_Data_:
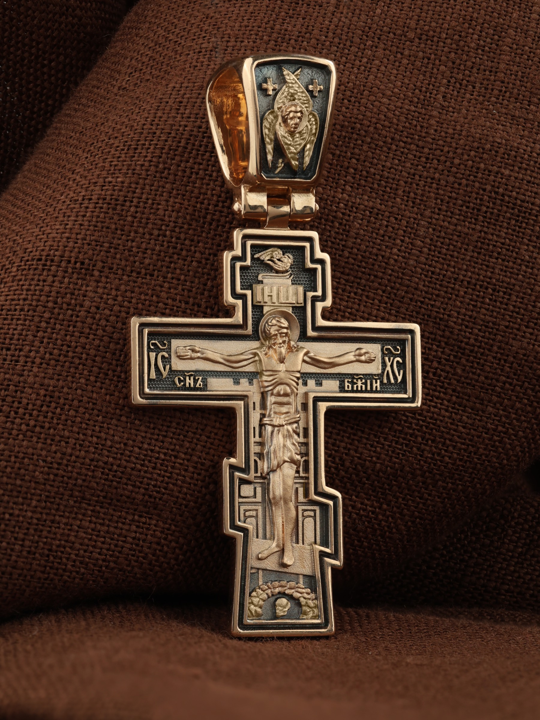 Восьмиконечный нательный крест с Распятием Иисуса Христа на горе Голгофе. Форма этого кресты является одной из самых распространенных на Руси и более всего соответствует тому Кресту, на котором был распят Христос.
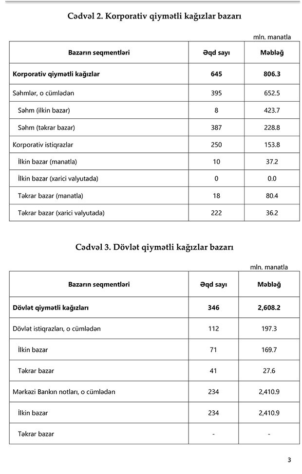 2018-ci ilin I rübü ərzində qiymətli kağızlar bazarında 6.2 mlrd. manat həcmində əməliyyat aparılmışdır ki, bu da ötən ilin müvafiq dövrü ilə müqayisədə 2.7 dəfə çoxdur. Əməliyyatların 48%-i (3 mlrd. manat) ilkin bazarda, 52%-i (3.2 mlrd. manat) isə təkrar həyata keçirilmişdir.
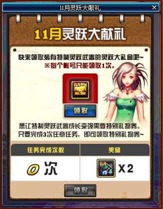 玩家每天首次登录或者物品栏已满时将以邮件提供【11月特别礼物券】,保存期限为1天,请及时收取。
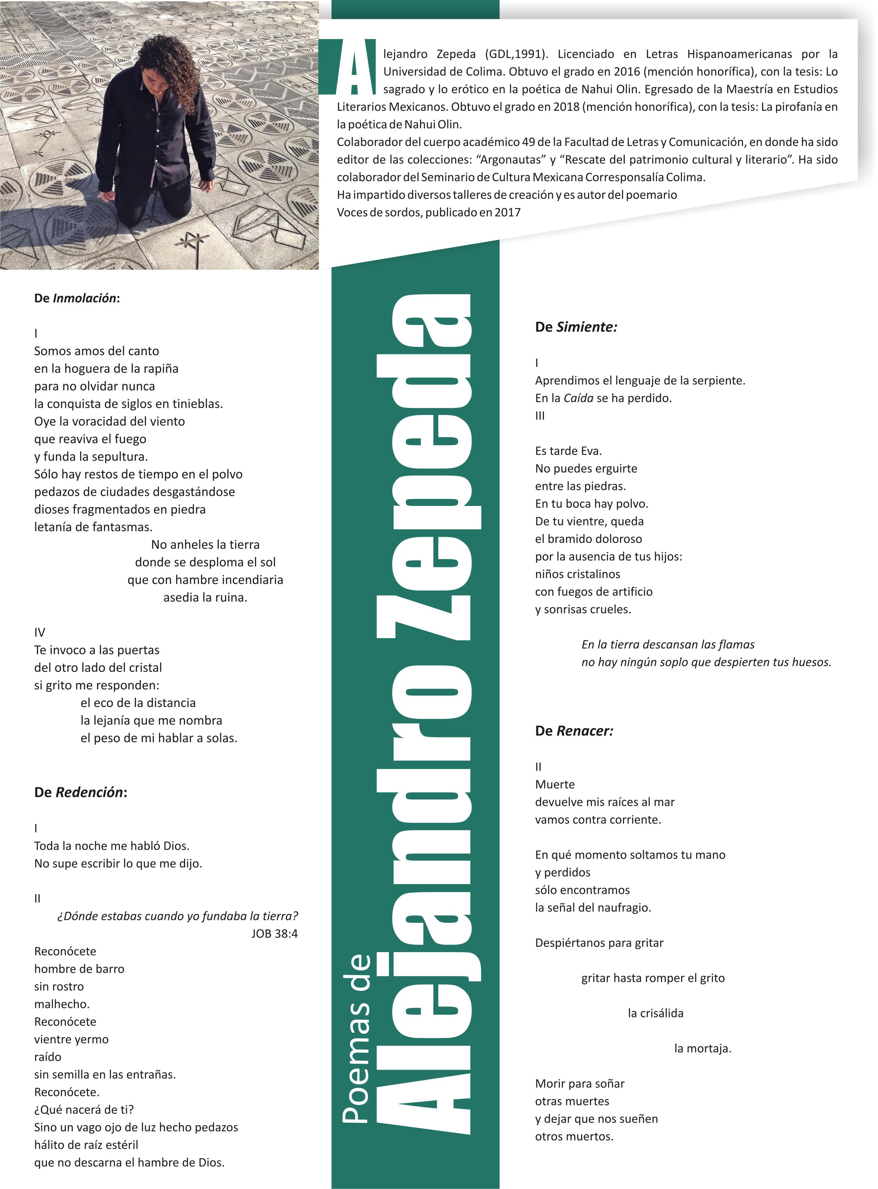 Pablo Piceno, nacido en Wolfsburg, Alemania en 1990, nos entrega esta obra que le hizo merecedor del Premio Poesía Joven Elías Nandino 2018, que en unas páginas resulta fragmentos de un libro de historia y otras, testimonios de las víctimas. En un punto, sin atribuirlo a una de las voces, alude a la pérdida del orden de la historia y será más bien a las versiones que hacen de la historia lo más cercano a la verdad.
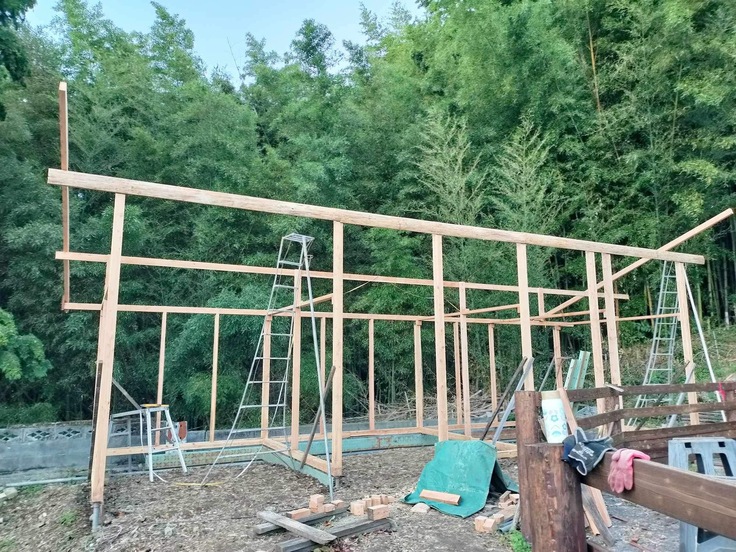 今日も清水馬三昧さんの監修による馬小屋制作の続きを行なっており、屋根を架ける準備が進められております。
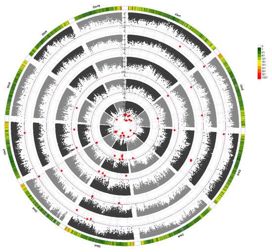 Circular Manhattan Plot. Red dots are significant SNPs for corresponding senescence traits. From inside to out: VSH—visual scale of husk leaves at 45 DAA; VSP—visual scale of plant at 45 DAA; SC—stomatal conductance; PHVDIF—the difference between the visual scale of plant and husk at 45 DAA; PA—photosynthesis activity at 45 DAA.
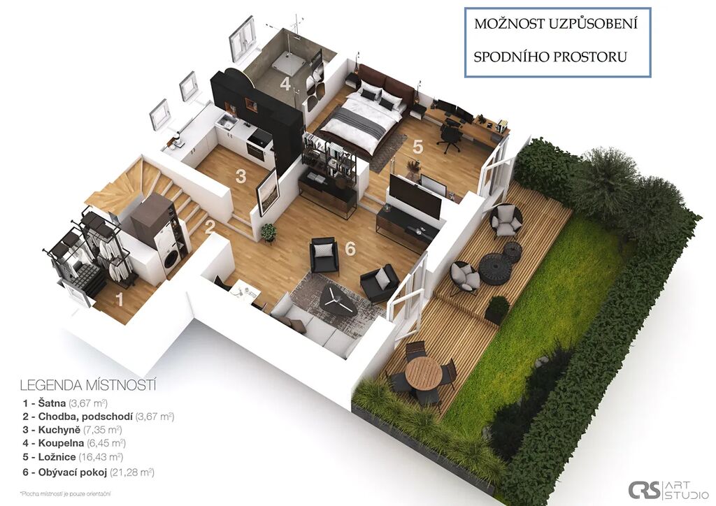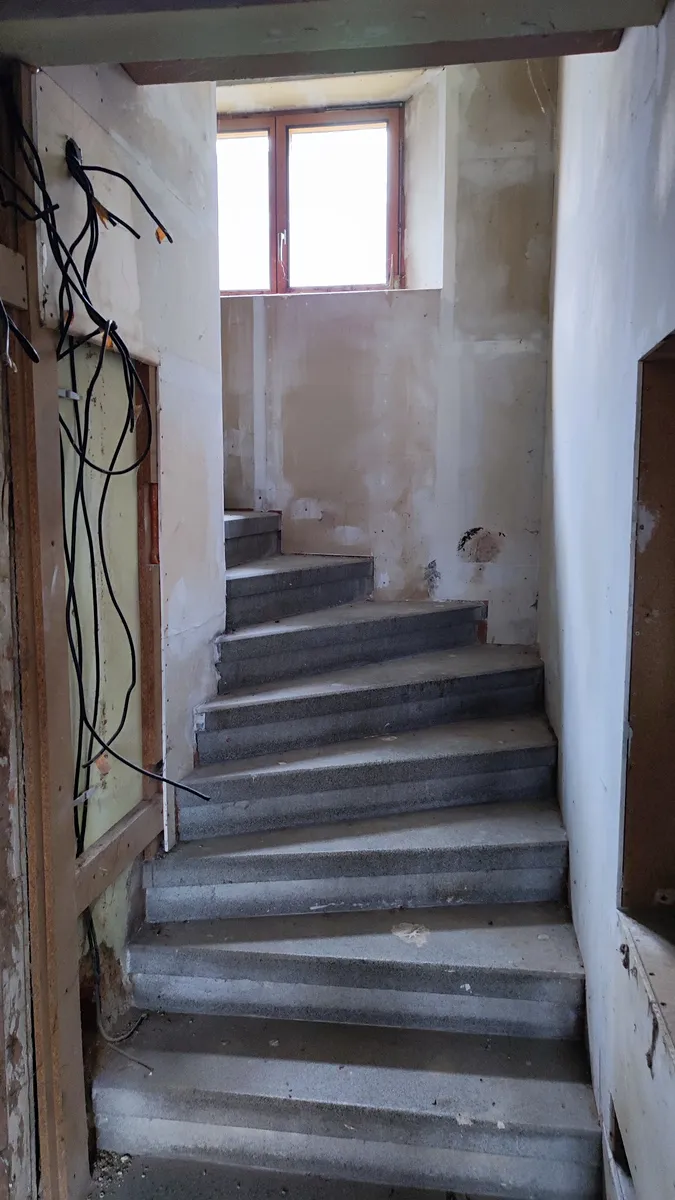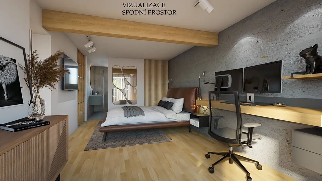 Spodní podlaží je přípravo na druhou jednotku, prostor je vhodný na obytný ateliér o velikosti 68m2. V současné době jsou hotové rozvody vody, elektroinstalace, vedení topení včetně topných těles, nový boiler, v místnostech instalovány sádrokartonové stěny, plastová okna. Budoucí samostatná jednotka je připravena na dodělání podlah, povrchovou úpravu stěn a stropů, instalaci a osazení sanity a další interiérové úpravy, podle vlastních představ nového vlastníka.

_Problem requirements_: Could the lines from the first entry through the line that contains "Circular Manhattan Plot." be copied exactly, with all pictures left out?

_Response for this exercise_:
 Восьмиконечный нательный крест с Распятием Иисуса Христа на горе Голгофе. Форма этого кресты является одной из самых распространенных на Руси и более всего соответствует тому Кресту, на котором был распят Христос.
 2018-ci ilin I rübü ərzində qiymətli kağızlar bazarında 6.2 mlrd. manat həcmində əməliyyat aparılmışdır ki, bu da ötən ilin müvafiq dövrü ilə müqayisədə 2.7 dəfə çoxdur. Əməliyyatların 48%-i (3 mlrd. manat) ilkin bazarda, 52%-i (3.2 mlrd. manat) isə təkrar həyata keçirilmişdir.
 玩家每天首次登录或者物品栏已满时将以邮件提供【11月特别礼物券】,保存期限为1天,请及时收取。
 Pablo Piceno, nacido en Wolfsburg, Alemania en 1990, nos entrega esta obra que le hizo merecedor del Premio Poesía Joven Elías Nandino 2018, que en unas páginas resulta fragmentos de un libro de historia y otras, testimonios de las víctimas. En un punto, sin atribuirlo a una de las voces, alude a la pérdida del orden de la historia y será más bien a las versiones que hacen de la historia lo más cercano a la verdad.
 今日も清水馬三昧さんの監修による馬小屋制作の続きを行なっており、屋根を架ける準備が進められております。
 Circular Manhattan Plot. Red dots are significant SNPs for corresponding senescence traits. From inside to out: VSH—visual scale of husk leaves at 45 DAA; VSP—visual scale of plant at 45 DAA; SC—stomatal conductance; PHVDIF—the difference between the visual scale of plant and husk at 45 DAA; PA—photosynthesis activity at 45 DAA.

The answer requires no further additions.